For quite some time now I have had an itch.  An itch to travel and to see the world and to do things that I’ve always wanted to do.

I feel like life is passing me by and all my dreams are on permanent hold. 

I feel like I am constantly making sacrifices for my children.  It’s not like this is anything new.  And it’s not like I would actually change anything.

But there is so much we just can’t do because of the decisions we make to do things for our kids.

This year the plan was to down size our house and seriously save money and buy a house of our own.  Instead we downsized and haven’t saved much of anything.  Instead of a house of our own, 3 of our kids get straight teeth.  Instead of saving for a down payment we are paying $700 a month for 2 years on the orthodontist.  And even in 2 years it won’t be over.  There will then be phase 2 on one kid and the the last one will just start his pricey teeth straightening.

I don’t regret these decisions.  But I admittedly am growing weary of them. 

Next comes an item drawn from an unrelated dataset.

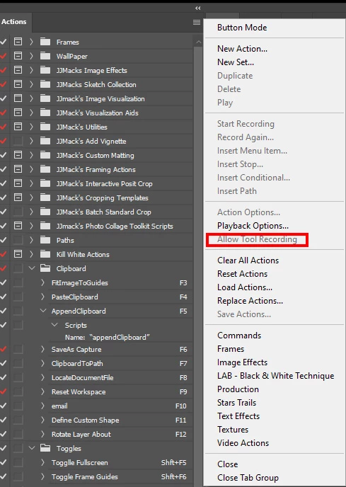 Actions- not recording brush stroke

We chose to have 5 midwife assisted home births.  We paid out of pocket for every single one.  They were not covered by Healthcare and when added up we could have had a very nice down payment for a home.

Every month we set money aside so that hopefully our children will not have to take on the student loans that we did. I don’t regret this decision. I wish we could put more aside for them. But I do acknowledge that we would be in a home of our own long ago if we didn’t do this for their future.

It just seems like we never get a break.  We just get ahead and something happens every time.   The house is broken into, a bike stolen, a van stolen, a clutch goes.  I feel like I am standing on the edge of the cliff and the side keeps giving way and I keep just moving back in the nick of time.

Is it wrong to want to go away alone somewhere warm or exotic with just my husband.  Is it wrong for me to want a vacation  without any children.  Is it wrong after nearly 19 years of marriage to crave substantial time alone with my husband.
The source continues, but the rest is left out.